The idea that Yemen has suddenly become a “terror problem” country and that the US and UK can lead it to greener pastures is symptomatic of the collective policy failures that have seen the world today suffer so widely from problems of political violence and terrorism. Conferences in London and shipments of American arms and money will not solve the problem. The Anglo-Americans clearly lack the ability or will to come to terms with the full dimensions of terrorism and its genesis. A starting point in that direction would be to grasp that terrorism traumatizes and harms four primary actors.

The first is the terrorist himself. Most terrorists are reasonably smart and educated young men who have become crazy due to the circumstances of their lives and their societies’ political, economic and social conditions, including interactions with foreign armies.

The second is the society that breeds terrorists, including many in the Middle East. The disequilibria, disparities and distortions that plague those societies ultimately generate a handful of crazed men who become terrorists. Terrorists do not emerge from a vacuum. They emerge from terrorized societies.

The third target of terrorism comprises those innocent civilians who are attacked by terrorists, whether in Arab hotels, Pakistani markets, New York City skyscrapers, or London buses. The attacked societies are terrorized and traumatized by the criminality that assaults them, and they usually have no idea why they were attacked or what to do in response. They are truly the innocent victims who pay the highest price.

The fourth madness that often haunts the world of terrorism is the response of governments whose countries or citizens have been subjected to terror attacks. Terrorized, then crazed with anger and driven to seek revenge, governments in turn unleash their own immense military and police power to fight the terrorists and bring them to justice. This approach only rarely succeeds, and more often intensifies the first two problems above: local traditional societies around the developing world that are at the receiving end of Western powers’ might eventually become crazed, distorted, ravaged lands full of tyranny, corruption, instability, abuse of power, and violence, and those traumatized societies in turn eventually breed more of their own criminal terrorists who attack at home and abroad.

If we do not address these four dimensions of terrorism and its traumas, we will never resolve the problem.

Medieval Arabs used to say that “In Yemen, there is wisdom.” There is also much wisdom to be gleaned from Yemen today -- in particular by Anglo-American and other leaders who should understand more honestly how and why a country like Yemen comes to play a role in the global terrorism world. This starts with an integrated, honest analysis of the above four victims of terrorism, rather than by isolating only one of them -- Yemeni society -- and using the wrong tools to address it.

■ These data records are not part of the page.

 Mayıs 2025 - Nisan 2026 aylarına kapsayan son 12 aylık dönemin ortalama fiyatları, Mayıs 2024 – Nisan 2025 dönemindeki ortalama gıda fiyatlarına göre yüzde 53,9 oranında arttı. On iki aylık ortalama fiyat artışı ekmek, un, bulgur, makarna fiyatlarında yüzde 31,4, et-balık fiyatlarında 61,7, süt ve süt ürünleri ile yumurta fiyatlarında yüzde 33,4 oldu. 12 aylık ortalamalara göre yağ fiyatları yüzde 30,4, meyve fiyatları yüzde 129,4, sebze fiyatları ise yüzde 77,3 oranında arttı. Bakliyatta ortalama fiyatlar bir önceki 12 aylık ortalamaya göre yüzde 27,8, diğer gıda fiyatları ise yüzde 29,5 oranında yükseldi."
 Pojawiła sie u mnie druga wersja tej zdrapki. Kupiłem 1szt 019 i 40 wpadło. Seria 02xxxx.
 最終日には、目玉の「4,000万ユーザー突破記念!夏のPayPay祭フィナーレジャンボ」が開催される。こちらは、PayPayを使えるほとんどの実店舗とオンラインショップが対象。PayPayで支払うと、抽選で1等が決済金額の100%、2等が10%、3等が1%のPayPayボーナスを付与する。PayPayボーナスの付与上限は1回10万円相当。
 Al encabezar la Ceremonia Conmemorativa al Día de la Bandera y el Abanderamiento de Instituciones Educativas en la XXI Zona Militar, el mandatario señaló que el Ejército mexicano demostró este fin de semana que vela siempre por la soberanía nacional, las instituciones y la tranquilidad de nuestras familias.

The network of Al-Qaeda terrorists in Yemen is structurally linked with and organically emerges from the experience of militants, resistance fighters, terrorists and others who trained and fought in Afghanistan and Iraq --- sometimes fighting with Anglo-American assistance against a common foe, but sometimes fighting against the Anglo-Americans who were seen as foreign occupiers. This network has been building up in Yemen since the mid-1990s, but in fact Yemen’s instability and its emergence as a terrorists’ base goes much further back.

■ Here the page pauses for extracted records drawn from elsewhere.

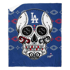 MLB Los Angeles Dodgers Candy Skull Silk Touch Sherpa Throw Blanket 50x60 Inches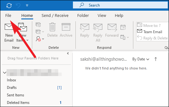 To set up automatic replies from the Outlook desktop app, open the app and click on the ‘File’ option on the Menu Bar.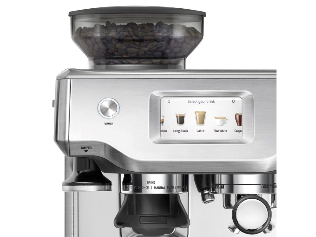 Espresso SAGE SES880BSS Barista Touch. S jeho pomocí bez problému připravíte vaše oblíbené espresso, cappuccino nebo třeba dokonale nadýchané latté. Kávovar má příkon 1 680 W a lze v něm připravovat zrnkovou i mletou kávu. Jeho součástí je praktická, 2l nádržka na vodu. Zásobník na kávu pak pojme až 230 g.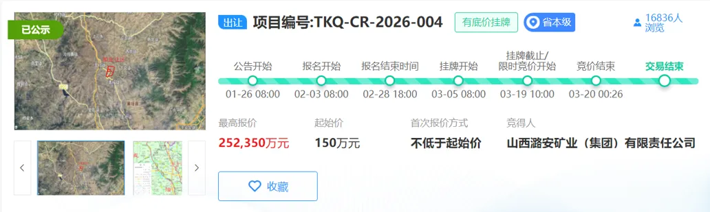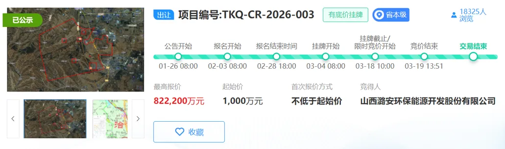 山西省自然資源網(wǎng)上交易平臺顯示,該區(qū)塊起拍價1000萬元,最終成交價為82.22億元,溢價高達822倍,創(chuàng)2026年以來山西省內(nèi)煤炭探礦權(quán)成交價新高。

The British with their colonial history in the southern part of Yemen, along with other parts of the Arabian Peninsula, bear some historical responsibility for how things have turned out in our region in the past century. The wrecks that often masquerade as Arab modern states are fragile in many cases because they emerged from colonial rule (mostly French and British) in wildly unsustainable conditions, due to the double constraints of European colonialism and post-colonial policies: The combination of national boundaries that were highly artificial and thus created structurally unstable states, and then the advent of local rulers who were put in place by the retreating colonial powers, often lacked any serious indigenous legitimacy, and ultimately developed into, or gave way to, today‘s security states.

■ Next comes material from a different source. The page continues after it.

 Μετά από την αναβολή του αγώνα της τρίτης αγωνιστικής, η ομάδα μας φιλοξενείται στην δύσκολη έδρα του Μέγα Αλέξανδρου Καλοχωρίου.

For the British now to convene a global summit to fix Yemen is akin to Tiger Woods offering an executive course in marriage fidelity. It is not a serious proposition. Fighting the modern scourge of political terrorism with the kind of intellectual terrorism that Gordon Brown offers will not work. If this is a joke, it is not funny. If this is serious, we are all in much deeper trouble than any of us could ever have imagined.
Friday
Jan082010

Iran: Four Responses to the "Wrong Questions" of the Leveretts (Lucas)

On Wednesday, I read the analysis of Flynt and Hillary Mann Leverett in The New York Times of the Iranian Government and the opposition and responded: "All of the Leveretts' purported 'facts' and challenges to the Green Movement are mere props for their 'default' option that the regime (whose political, religious, economic, and ideological position is not examined beyond that claim of a million protesters on its behalf on 30 December) must not only be accepted but embraced in talks."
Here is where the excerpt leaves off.